We applied up to ∼30 mas distortion corrections to the WCS coordinate frame, based on a distortion map derived from on-sky observation of a dense stellar field (jwst_nircam_distortion_0173). The correction was performed with the jwst Calibration Pipeline (Bushouse et al. 2023). We estimated the astrometric accuracy to range from ∼10 mas for sources close to the central star up to ∼30 mas for sources outside of the Fomalhaut ring.

Images at F356W and F444W were treated separately, and the results are presented in Table 3. By design the integration time in the shorter wavelength filter was smaller than at the longer wavelength, making the sensitivity at F356W worse than at F444W. The primary purpose of the F356W observation was the rejection of objects with typical stellar or galaxy-like SEDs.

We report in Table 3 the "peak S/N" associated with the brightest pixel of a given source. This is reported to quantify how much the source visually stands out over the noise. However, when extracting the photometry using the joint photometry and astrometry model fit, as explained above, the error bars may differ from the peak S/N for lower signal detections. This discrepancy is due to the detections being excessively noisy due to bad pixels or poorly subtracted speckles. The figures in the Appendix show the model fit results of the data and model-selected point-like sources, e.g., S1, as well as the MCMC corner plots for the astrometric and photometric fits. The photometry and astrometry error bars provide the most complete accounting of the properties of the sources, whereas the peak S/N describes how well a source can be seen over the smoothed noise in the image.

4. Results

4.1. Sources in the Vicinity of Fomalhaut

Figure 4(a) shows the final images for the inner speckle field (<1farcs5) around Fomalhaut. No sources are apparent, just a residual noise floor from imperfect speckle subtraction.
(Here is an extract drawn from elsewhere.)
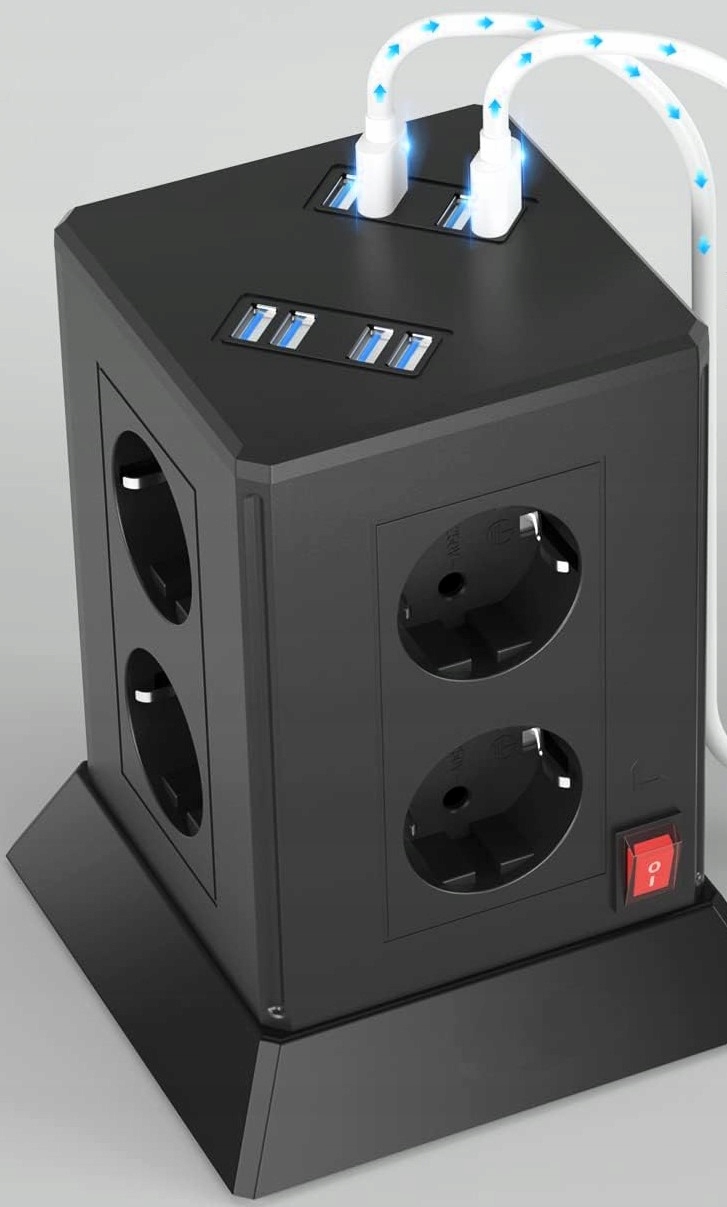 - Подовжувач живлення з 8 традиційними розетками + 8 розетками USB :

Figure 4(b) shows the corresponding S/N map from the FMMF analysis of the inner region; applying an S/N = 5 threshold, the data yield no detections.

Figure 8 shows the sources extracted from the final NIRCam reduced image, along with a superposition of the MIRI data at F2300C. Some objects are clearly detected in Keck (circled in green), HST (circled in orange), or both HST and Keck (circled in yellow) images from earlier epochs. 14 One source, identified with a white arrow in Figure 8, is visible in the MIRI data but has no counterpart in the NIRCam data. The location of this source coincides with the red point source identified in Spizter data from 2013 (see Figure 6 of Janson et al. 2015), indicating a background object. The source may be variable and not detectable at the NIRCam sensitivity levels, particularly at the very edge of the field of view. Alternatively, if the Spitzer object is not associated with the MIRI source and is indeed part of the Fomalhaut system, then the proper motion of Fomalhaut from 2013 to the present time would have resulted in the object falling very close to the edge of the field of view of the current NIRCam observations.

Figure 8.

Figure 8. Point sources from the NIRCam/F356W+F444W image are shown with the MIRI F2550W PSF-subtracted image superimposed in red. Extracted NIRCam sources without HST counterparts are shown as green circles; NIRCam sources with HST-detected background objects (yellow); and instrument artifacts associated with the edge of the coronagraphic mask field of view (white). Source labels correspond to objects listed in Table 3. The red dotted circles denote the expected position of Fomalhaut b (Gáspár & Rieke 2020). No object is seen in this vicinity. We also note the presence of a bright MIRI point source at about 20'' East of Fomalhaut that does not have a NIRCam counterpart. The location of this point source, marked with a white arrow, coincides with the point source marked in Figure 6 of Janson et al. (2015).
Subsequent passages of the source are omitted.